Collected data —
•••••
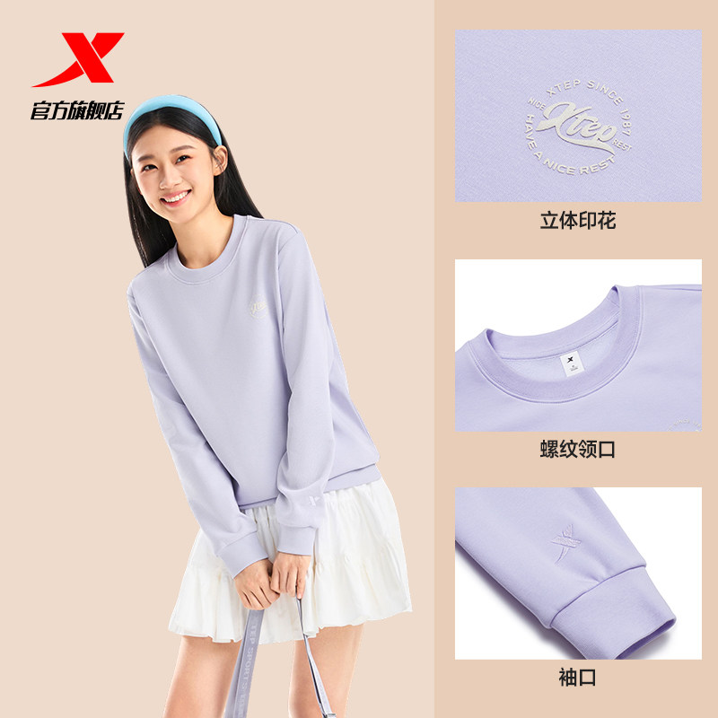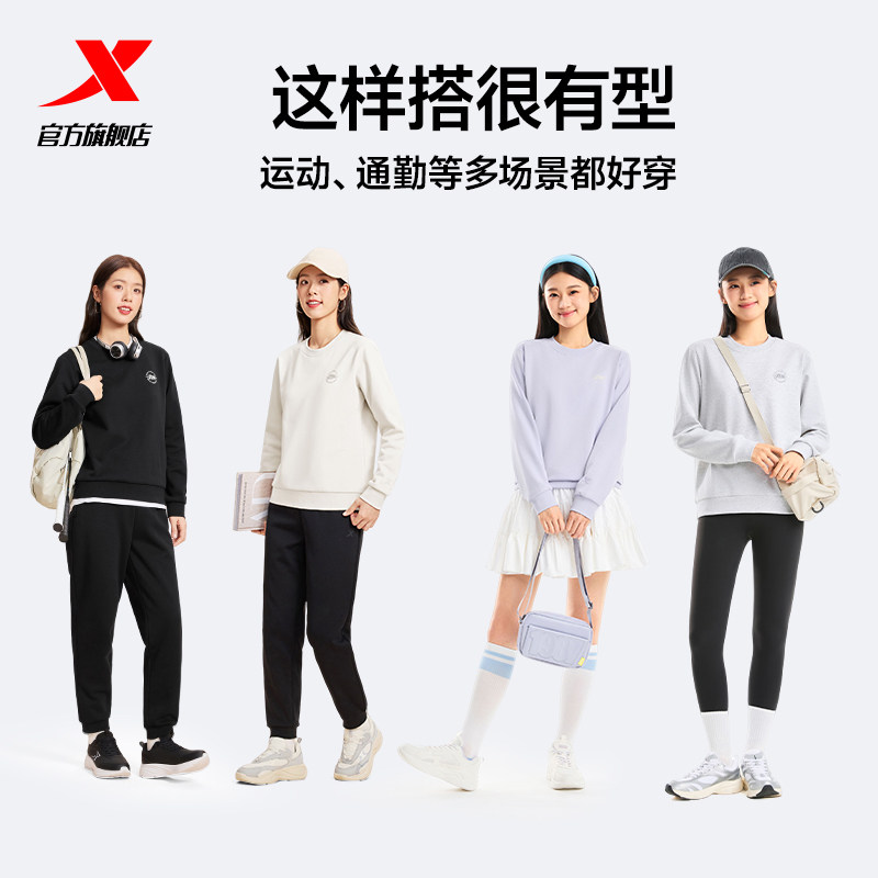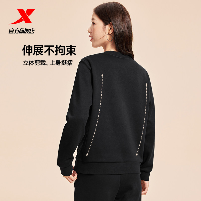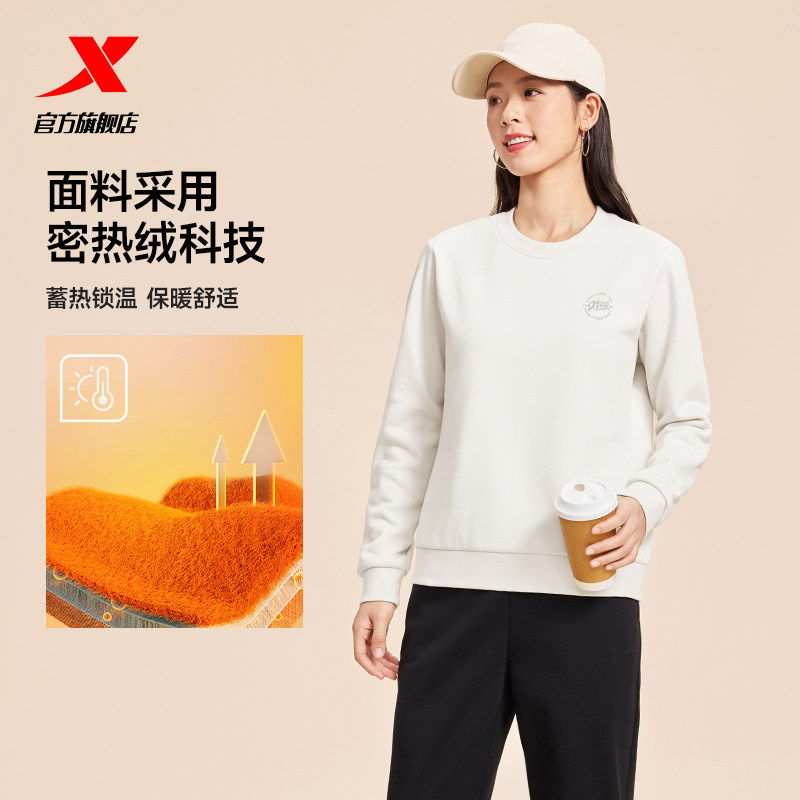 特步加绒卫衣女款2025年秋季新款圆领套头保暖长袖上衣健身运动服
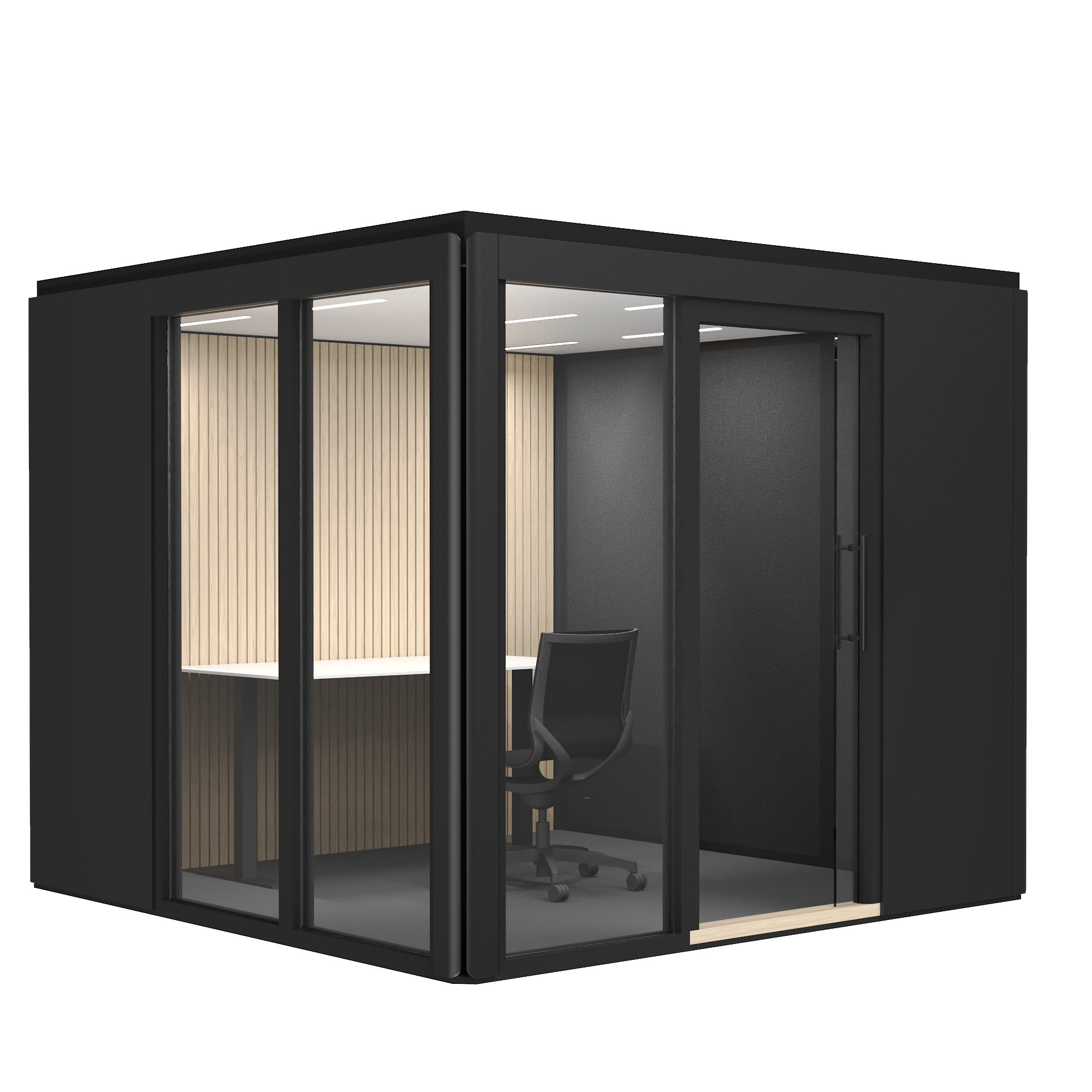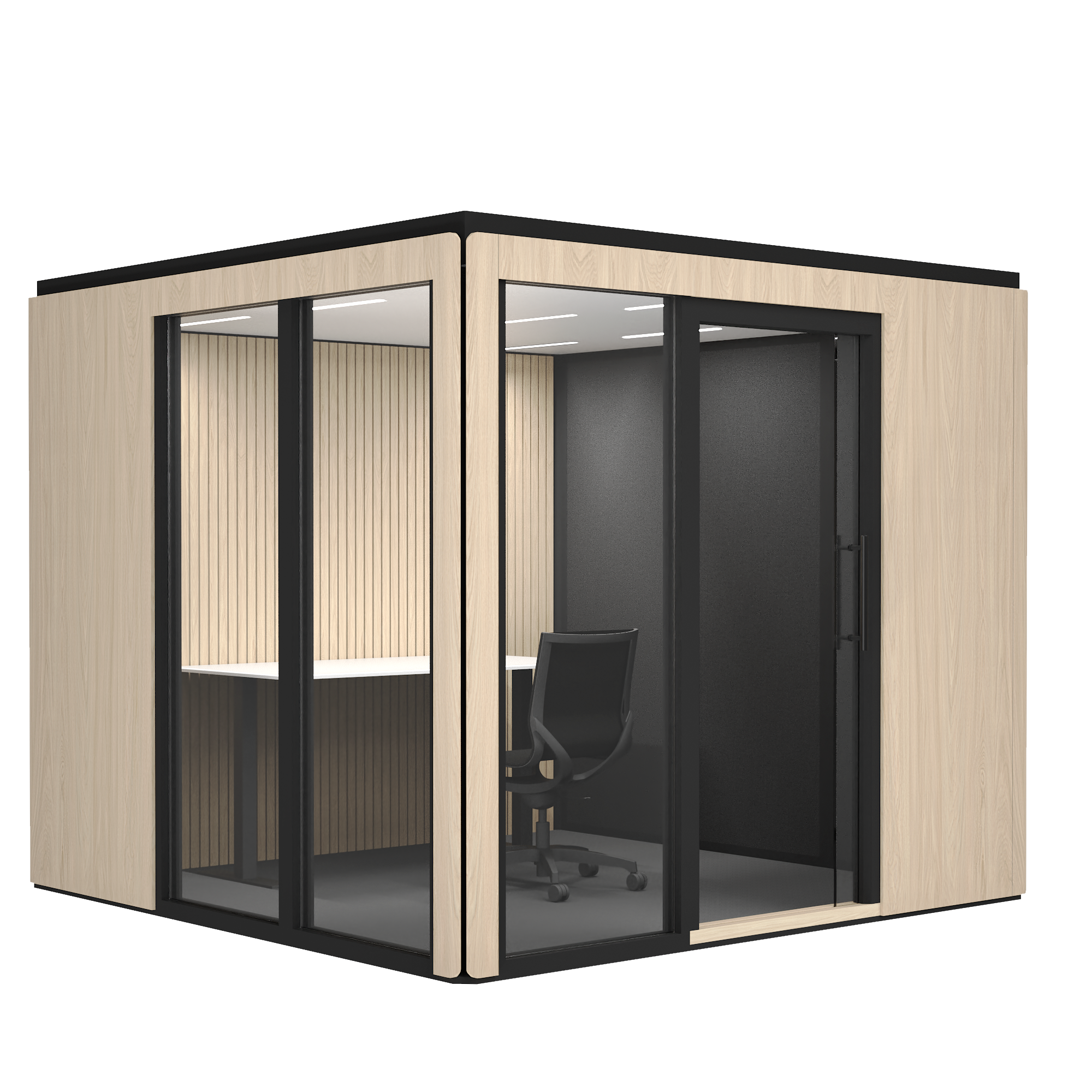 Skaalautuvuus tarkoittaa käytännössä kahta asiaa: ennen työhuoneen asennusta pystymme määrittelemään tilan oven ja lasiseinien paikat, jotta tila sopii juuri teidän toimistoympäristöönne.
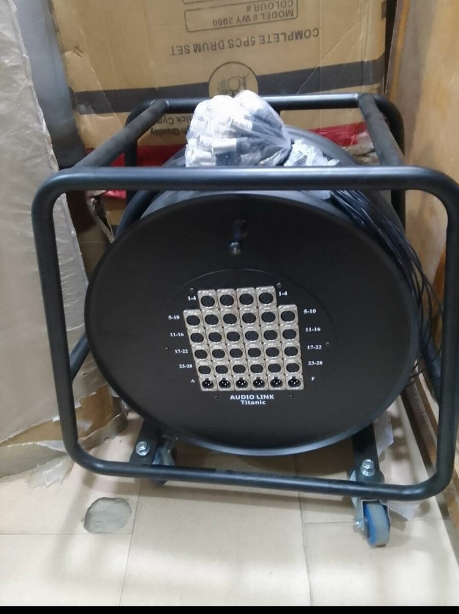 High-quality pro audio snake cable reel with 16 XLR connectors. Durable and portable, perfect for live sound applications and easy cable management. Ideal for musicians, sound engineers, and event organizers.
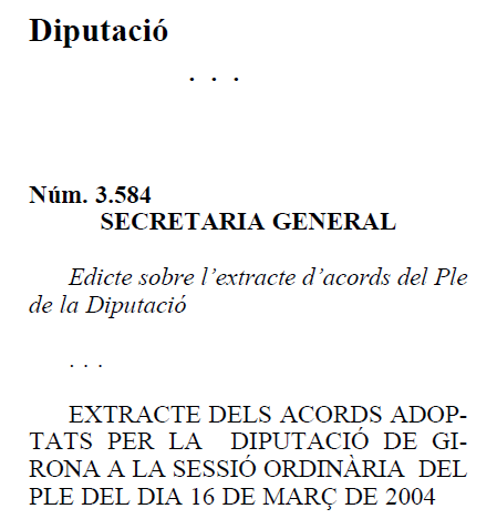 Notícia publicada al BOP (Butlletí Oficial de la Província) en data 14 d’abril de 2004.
•••••
Work order — Having located the line with "High-quality pro audio", transcribe exactly and only the lines from it to the final line of the material, skipping the pictures.

Exercise output —
 High-quality pro audio snake cable reel with 16 XLR connectors. Durable and portable, perfect for live sound applications and easy cable management. Ideal for musicians, sound engineers, and event organizers.
 Notícia publicada al BOP (Butlletí Oficial de la Província) en data 14 d’abril de 2004.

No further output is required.